Dear Stable kernel Contributors
Observed Futex kernel crash while using navigation app in Broxton Device flashed with Normal 4.9.x kernel.
Futex Crash details are given below.
{{
1>[ 1383.591633] Time of kernel crash: (2021-02-16 12:04:19)
<1>[ 1383.597480] BUG: unable to handle kernel NULL pointer dereference at (null)

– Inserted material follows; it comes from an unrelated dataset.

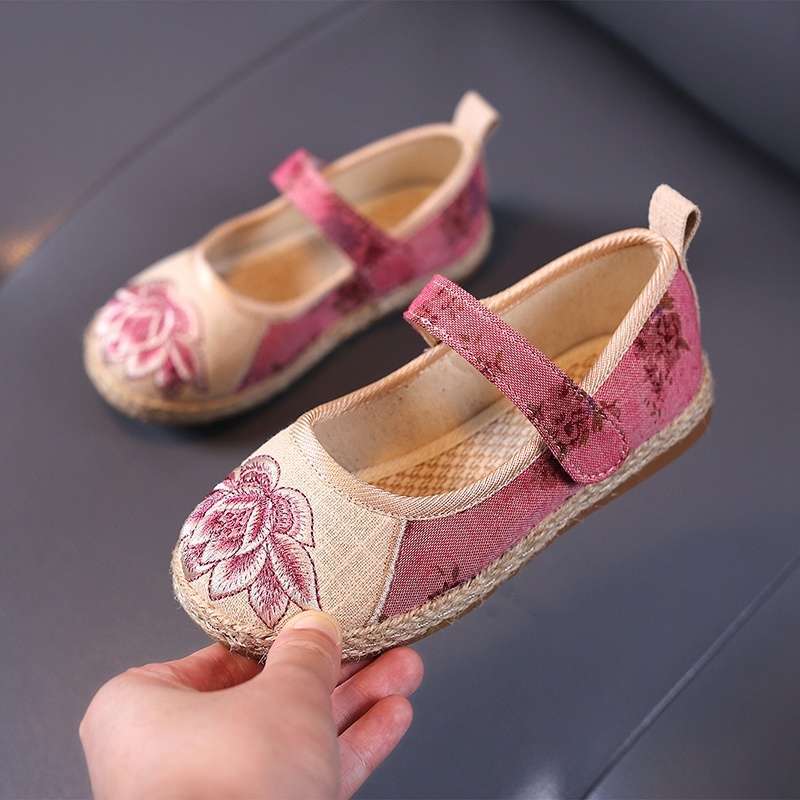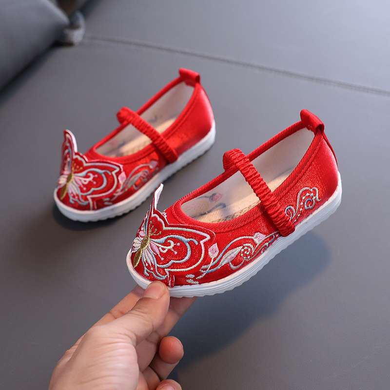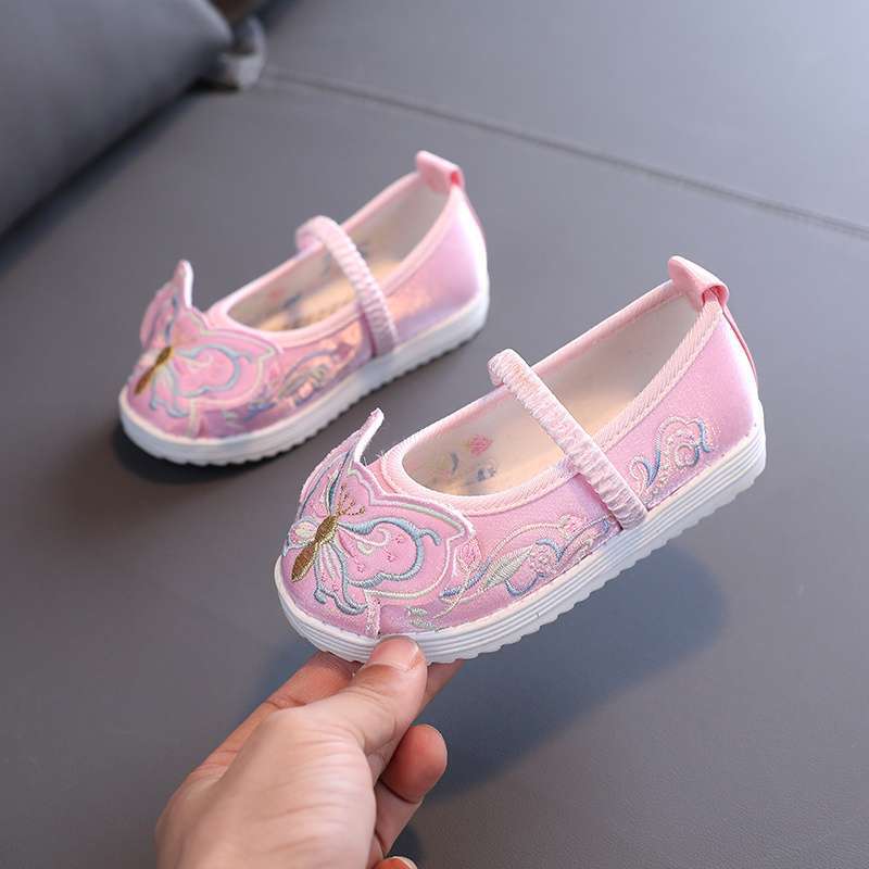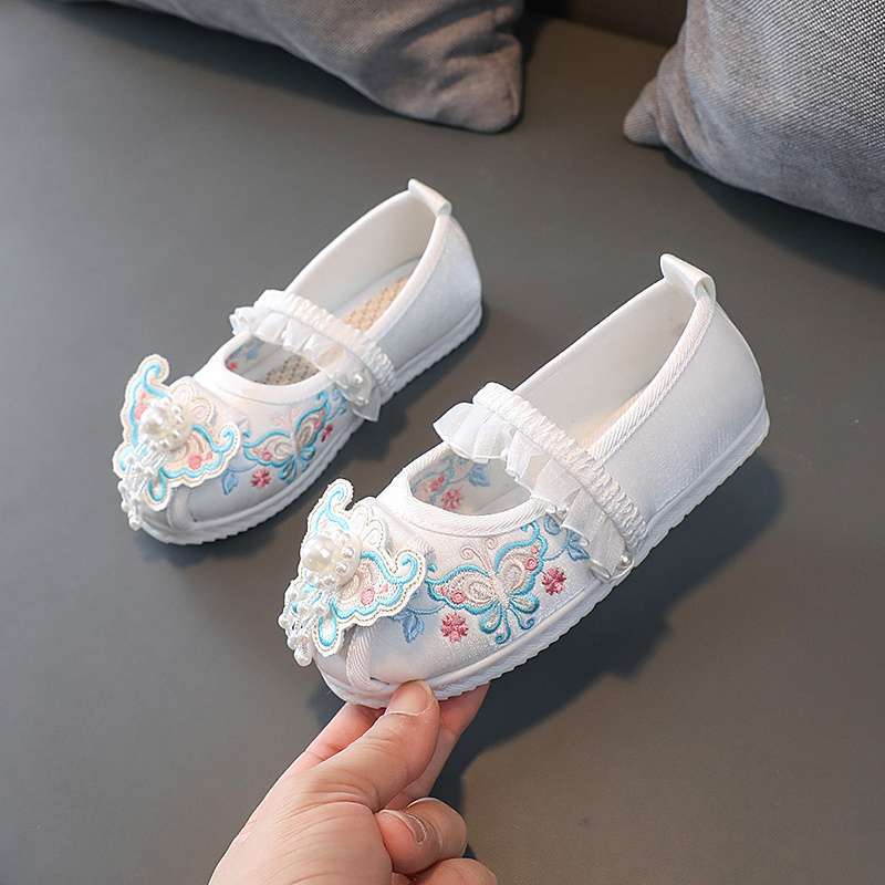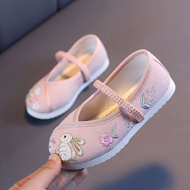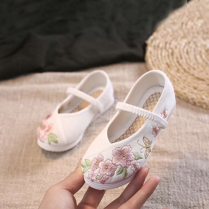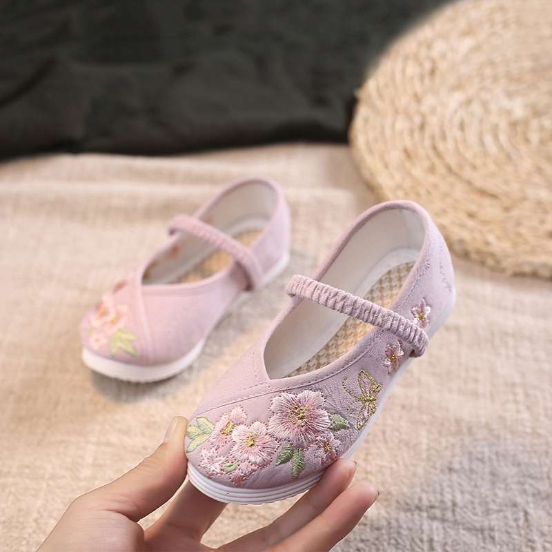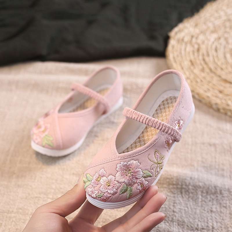 Детская тканевая обувь, туфли с вышивкой для девочек, весенне-осенняя обувь династии Хань, детская обувь в этническом стиле в стиле ретро, туфли с юбкой для маленькой девочки.

<1>[ 1383.606247] IP: [<ffffffffa211c271>] futex_wake+0xe1/0x180
<4>[ 1383.612386] PGD 130f62067
<4>[ 1383.615209] PUD 130f61067
<4>[ 1383.618230] PMD 0
<4>[ 1383.620275]
<4>[ 1383.621926] Oops: 0000 [#1] PREEMPT SMP
<4>[ 1383.626211] Modules linked in: bcmdhd(O) sxmio(C) rfkill_gpio cfg80211 ehset dwc3_pci dwc3 ishtp_tty_client dabridge camera_status mei_me anc_ipc igb_avb(O) mei xhci_pci xhci_hcd intel_ish_ipc intel_ishtp snd_soc_bxt_ivi_ull trusty_timer trusty_wall trusty_log trusty_virtio trusty_ipc dcsd_ts trusty_mem cyttsp6_i2c snd_soc_skl trusty snd_soc_skl_ipc snd_soc_sst_ipc cyttsp6_device_access snd_soc_sst_dsp snd_soc_sst_acpi virtio_ring snd_soc_sst_match snd_hda_ext_core cyttsp6_debug snd_hda_core dcsd_display virtio cyttsp6 [last unloaded: bcmdhd]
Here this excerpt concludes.